Des incidences pas neutres

L’enjeu règlementaire n’est pas neutre. Outre le risque de s’exposer à une non-conformité en cas de contrôle, la détention du CSP sera obligatoire pour pouvoir renouveler son Certiphyto à compter de 2024. Les Chambres misent d’ailleurs sur les distributeurs pour porter le message, sans quoi ils ne pourront pas vendre leurs produits aux agriculteurs en défaut.

L’APCA en appelle aussi à l’Etat. Face à l’afflux d’activité que va générer la réalisation des CSP, les chambres vont devoir recruter, une opération rendue compliquée par le statut anachronique des salariés, mais promise à être levée dans les mois à venir, sous l’effet de la loi Asap. L’APCA souhaiterait par ailleurs une autre évolution statutaire, relative à la taxe d’apprentissage, dont les chambres ne sont pas exonérées dans le cadre actuel. « Quel meilleur formule que de former les jeunes par la voie de l’apprentissage, qui les rendrait opérationnels dès leur sortie de l’école », argumente Sébastien Windsor.

"Le Conseil stratégique phytosanitaire ne sera pas un document pour caler l’armoire"

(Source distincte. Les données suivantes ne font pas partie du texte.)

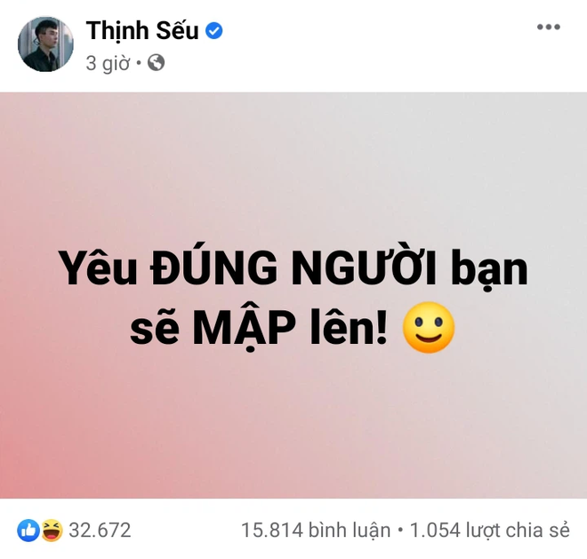 Theo đó, trên trang cá nhân có gần 400 ngàn người theo dõi, Thịnh Sếu chia sẻ một chân lí tình yêu muôn thuở: "Yêu đúng người bạn sẽ mập lên!". Ngay lập tức, bài viết thu hút nhiều sự tranh luận của không ít dân mạng. Có lẽ, nhóm người tranh cãi quyết liệt nhất chính là hội ế truyền kỳ nhưng vẫn không ốm nổi. Và người đại diện nổi bật không ai khác chính là diễn viên Ngọc Lan.
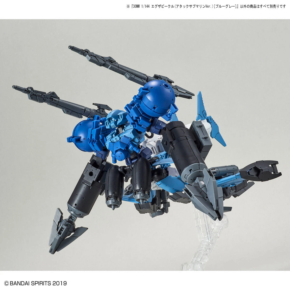 The 30 Minutes Missions EXA, or Extended Armament, continues with the Attack Submarine! By changing the parts, it can be transformed into 3 types: ray type, saw shark type, and hammerhead shark type. It can also be used as a backpack for 30MM mecha or other similar sized model kits.
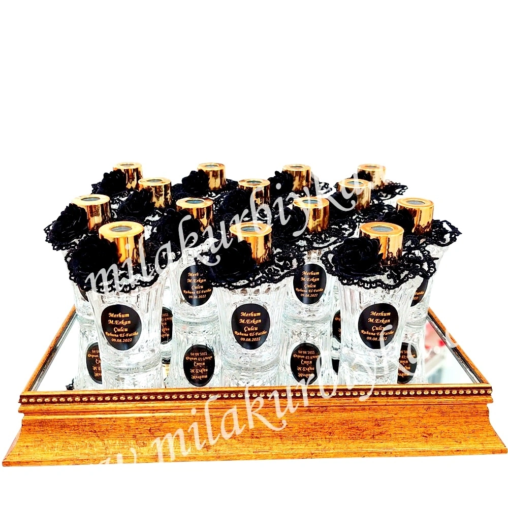 * Özel Tasarım Kolonya: Kutulu, dantel ve siyah gül detaylı, ferahlatıcı limon kolonyası ( 50 cc cam şişe )
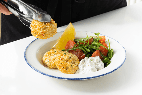 Serve crab cakes hot, with green salad, tartar sauce, and a slice of lemon.
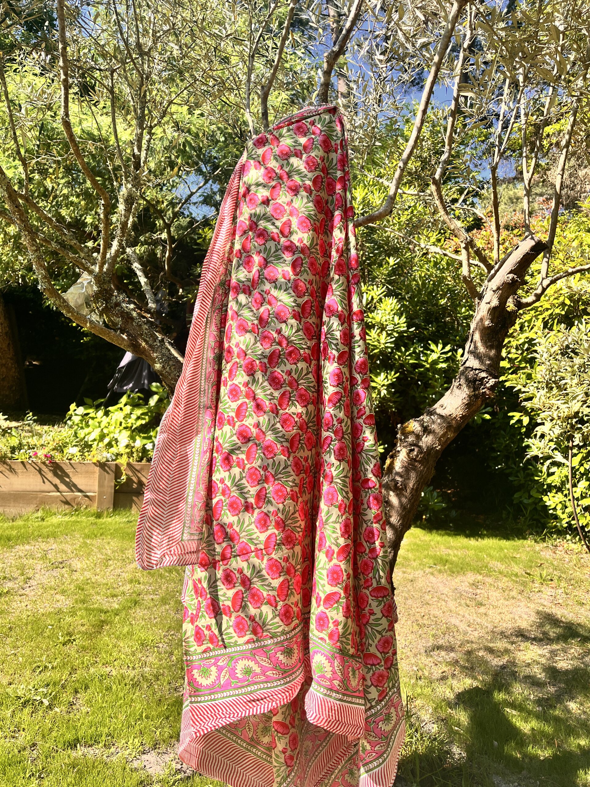 Ce paréo peut se porter l’été enroulé autour de la taille, ou comme écharpe ou étole quand il fait plus frais.
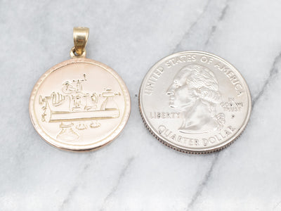 This charm depicts a telegram machine on one side and monogrammed "EFH" in Old English on the other. Crafted of yellow gold, the etching is detailed and beautiful!
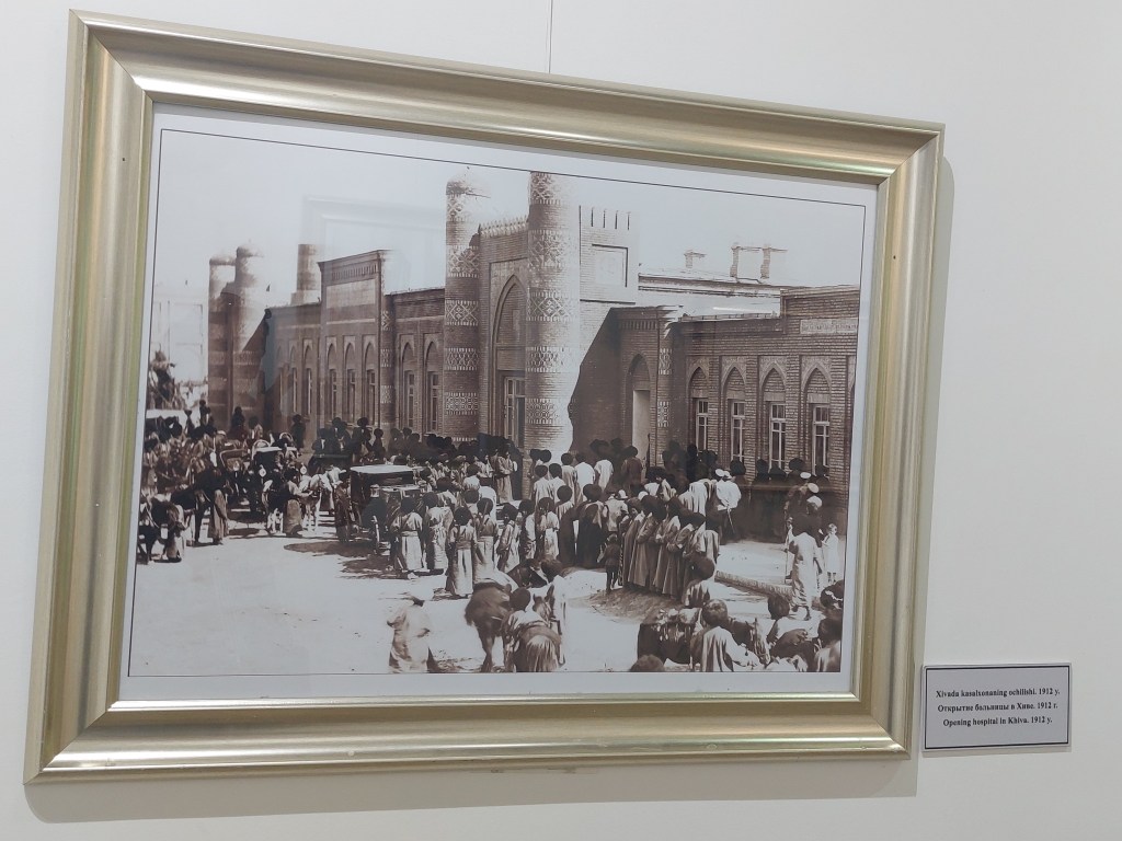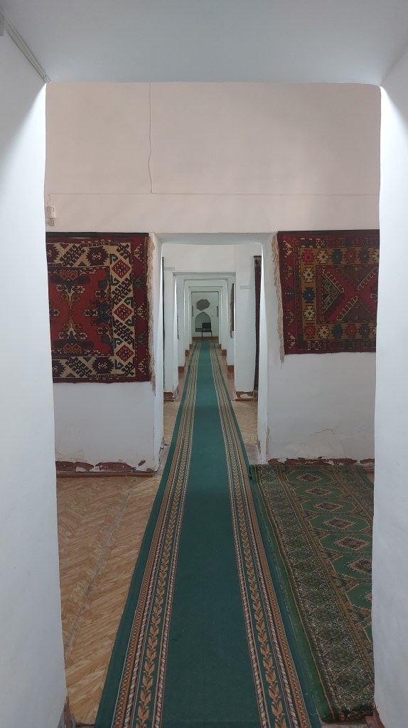 Next was the Islom Hoja complex, which includes Khiva’s tallest minaret at 52m tall (built in 1910) and a former Madrassa, which was converted into a hospital by the Soviets in the 1930s. It actually looks like quite a sensible reuse by adding a corridor between the rooms of the madrassa. This hospital was a huge benefit for the local population, which has been rather ignored as a feudal state by Tsarist Russia.
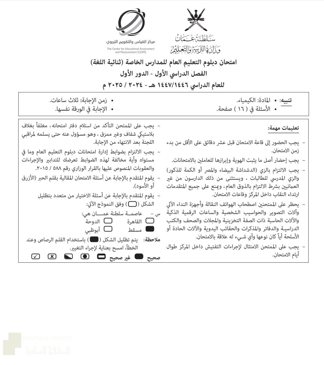 أنت هنا: موقع المناهجالمناهج العمانية الصف الثاني عشر كيمياء الفصل الأول الامتحان النهائي
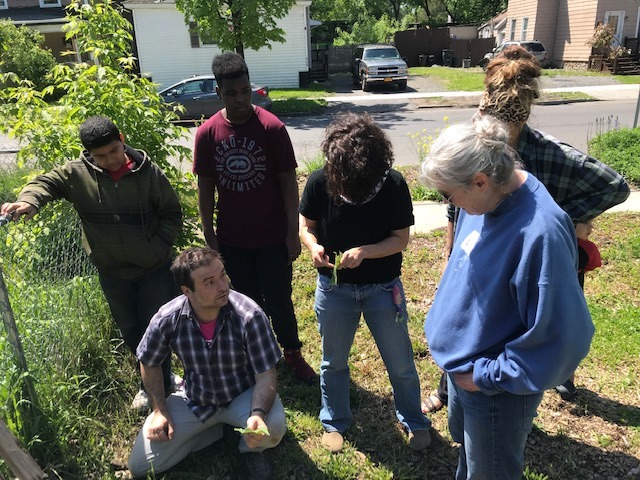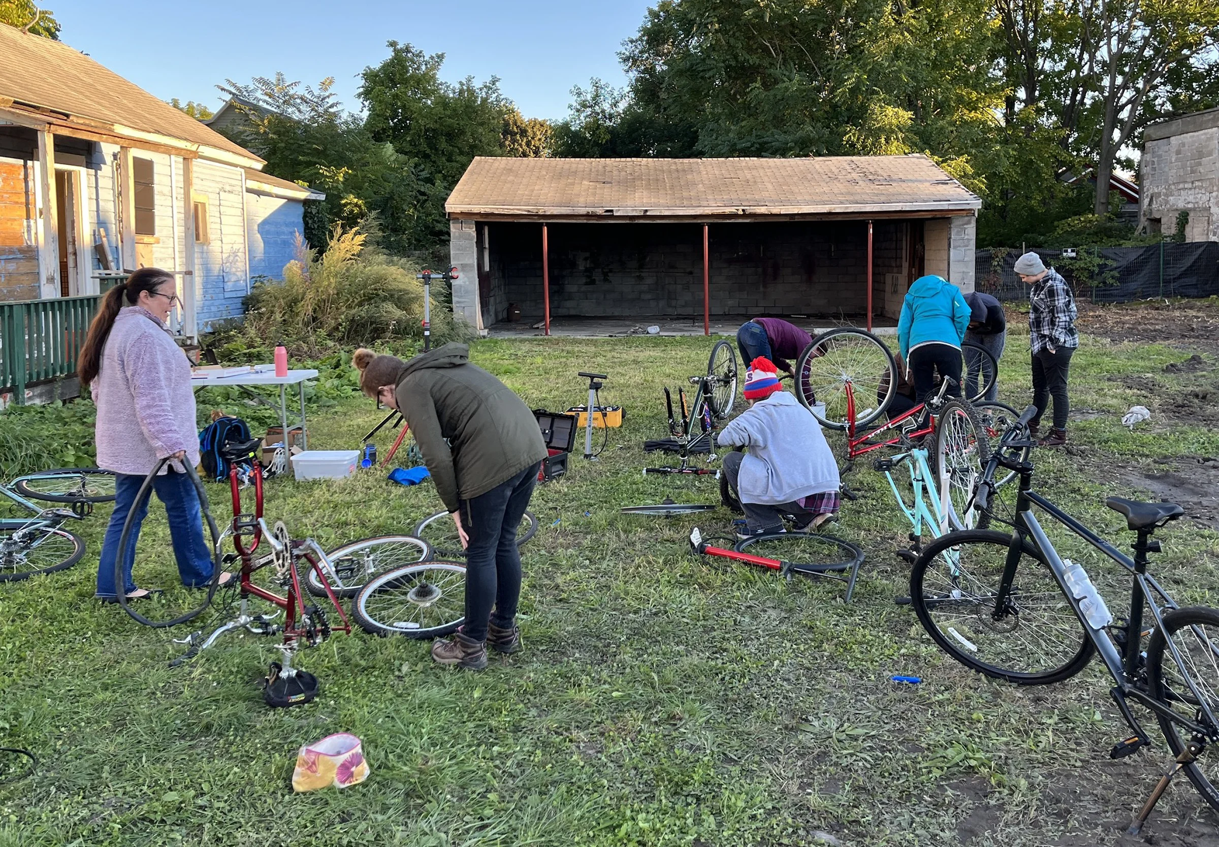 713 Marcellus Street: rewilding and home of the community bicycle workshop known as the Depot.
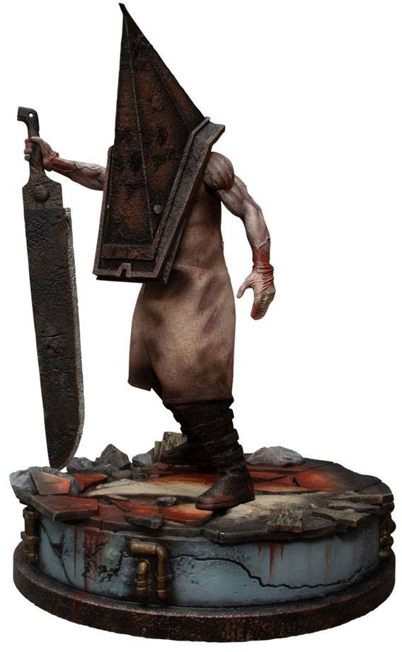The Mezco's Static Six: Silent Hill 2 - Red Pyramid Thing-statyn är baserad på den mardrömsframkallande Silent Hill 2. Den ohyggliga karaktären bär väderbitna byxor och står hotfullt på toppen av Brookhaven Hospital. Red Pyramid Thing är redo att slå med sitt stora svärd eller stora spjut, som han håller med sin utbytbara högra hand och kan bytas ut på sin utbytbara högerarm för en mängd olika poser.
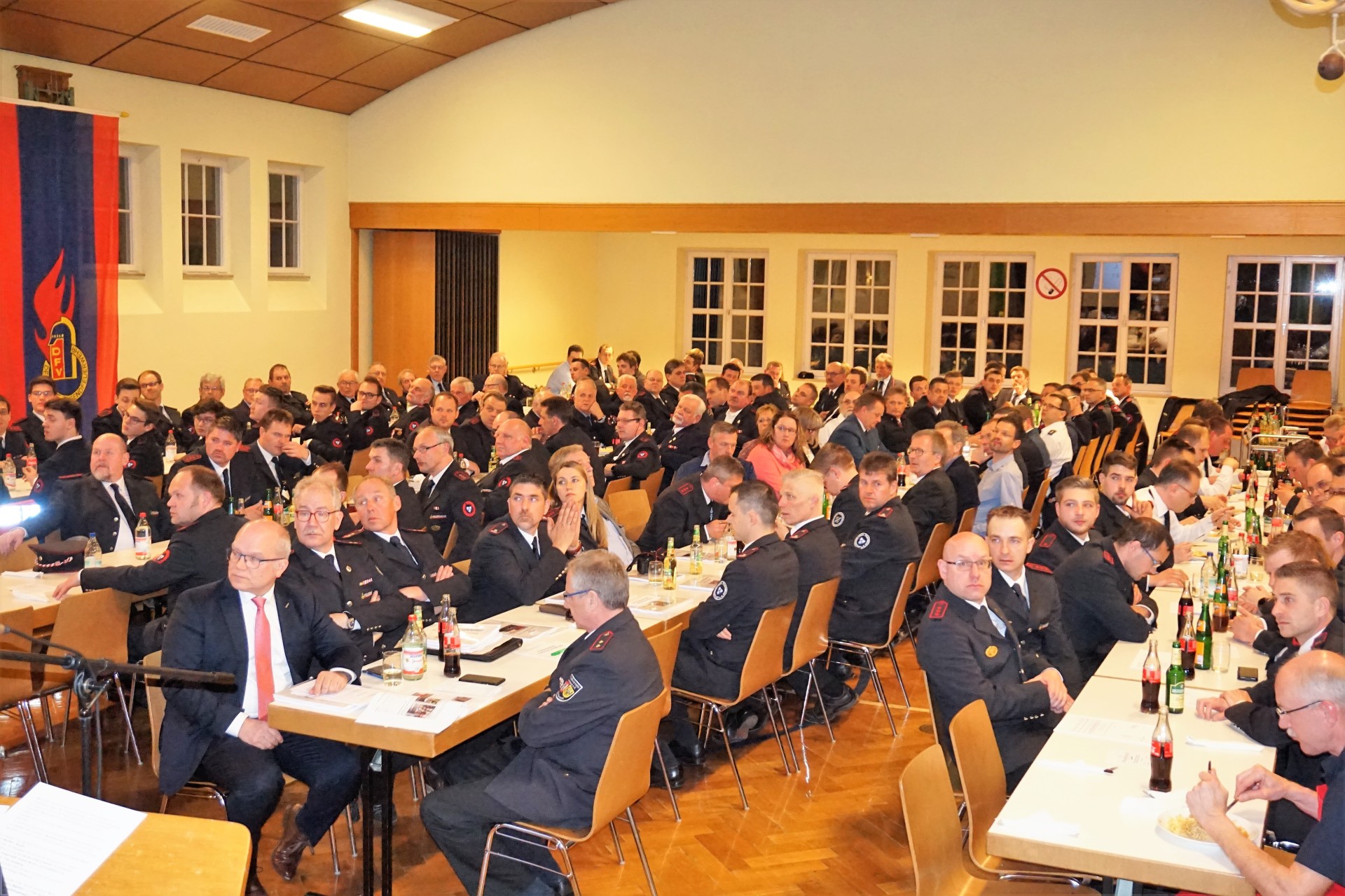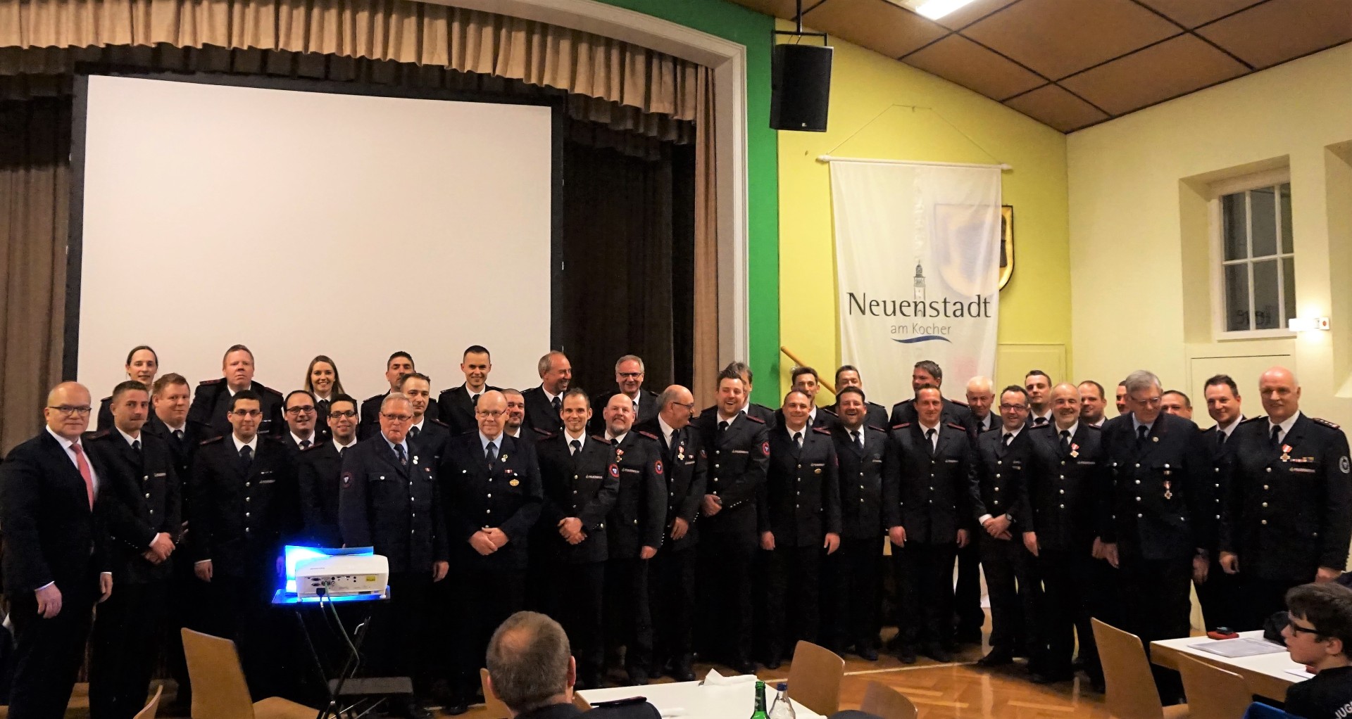 Mit 155 Personen war dieses Jahr die Hauptversammlung der Feuerwehr Neuenstadt in der Kelterhalle in Cleversulzbach sehr gut besucht. Neben zahlreichen Ehrengästen aus Verwaltung, Gemeinderat und Ortschaftsrat konnte Kommandant Hartmut Schaffroth den Kreisfeuerwehrverbandsvorsitzenden und Mitglied des Landtags, Reinhold Gall, auf der Veranstaltung willkommen heißen.
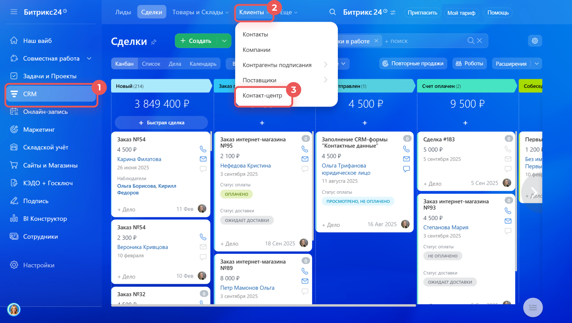 1–3. Перейдите в CRM > Клиенты > Контакт-центр.
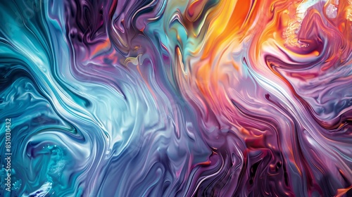 Abstract background of swirling iridescent ribbons of color like oil paint
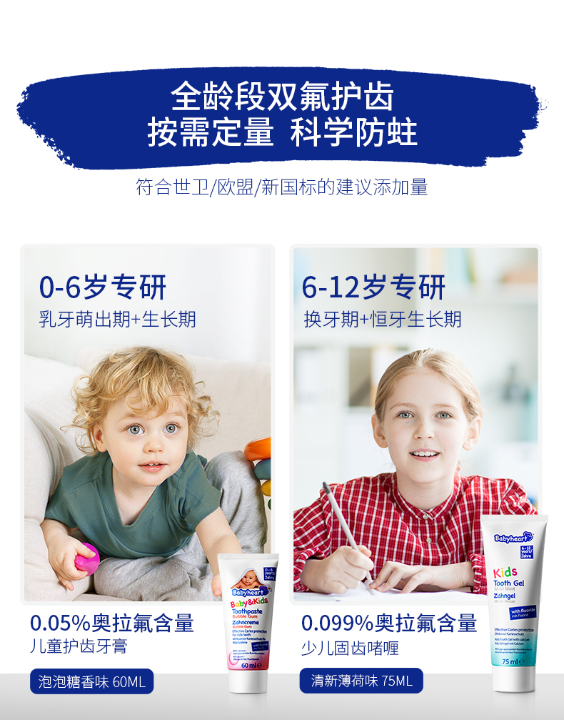 德国babyheart进口牙膏0-12岁奥拉氟防蛀儿童牙膏
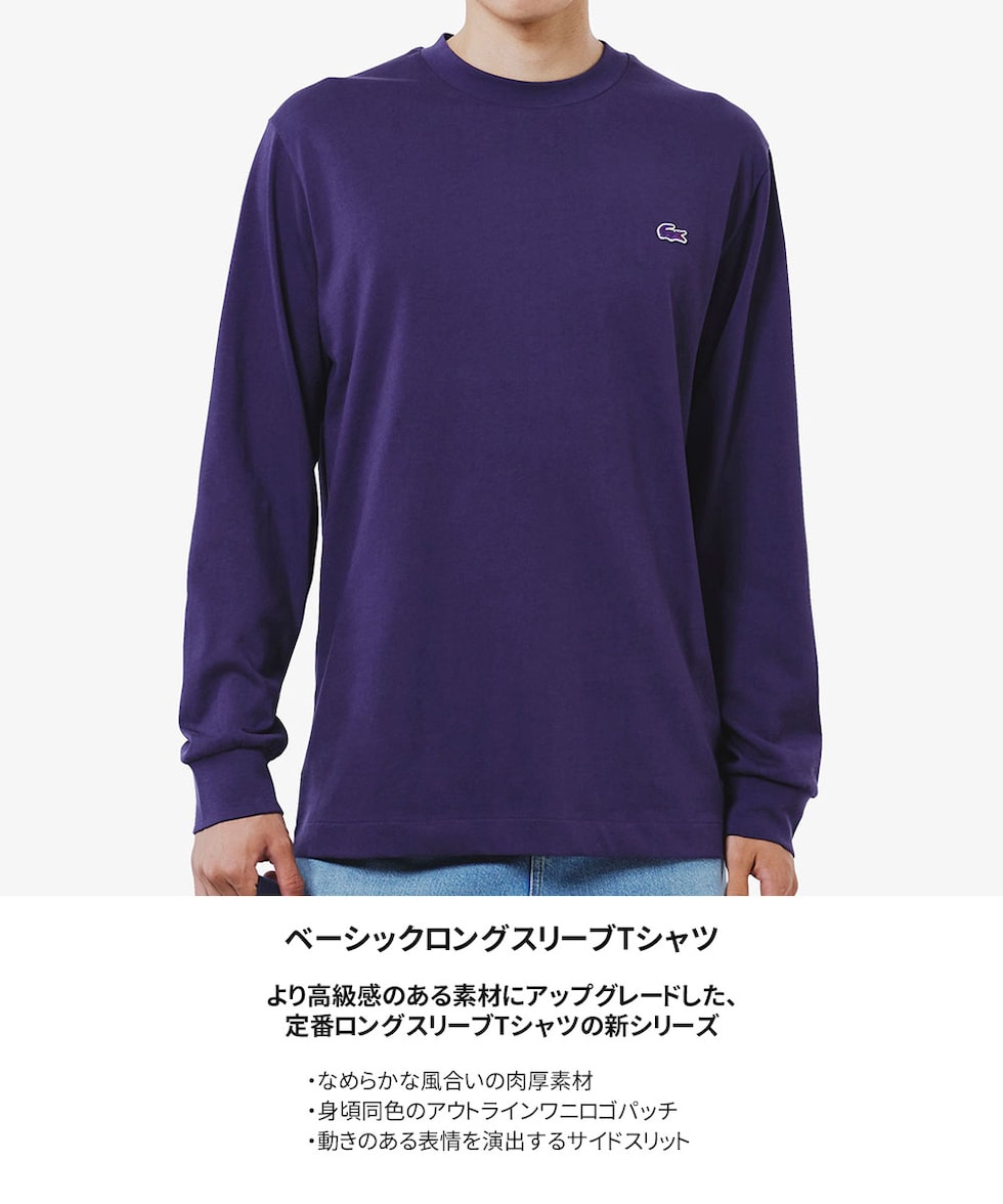 ラコステ Tシャツ メンズ 長袖 クルー ネック ワンポイント トップス カットソー シンプル アウトドア 綿 ベーシック ロングスリーブ TH558399 LACOSTE

Il faut dire que l’APCA s’est fixée des objectifs qualitatifs ambitieux en matière de Conseil stratégique. « L’accompagnement sera basé sur le projet de l’agriculteur, poursuit Sébastien Windsor. On va discuter avec chaque agriculteur pour évoquer les pistes de réduction d’usages de phytosanitaires et qu’il en sorte avec son propre projet, ses propres ambitions. On ne veut pas d’une prestation pousse-bouton pour satisfaire le réglementaire et produire un document qui servira à caler l’armoire ». Normande ou pas.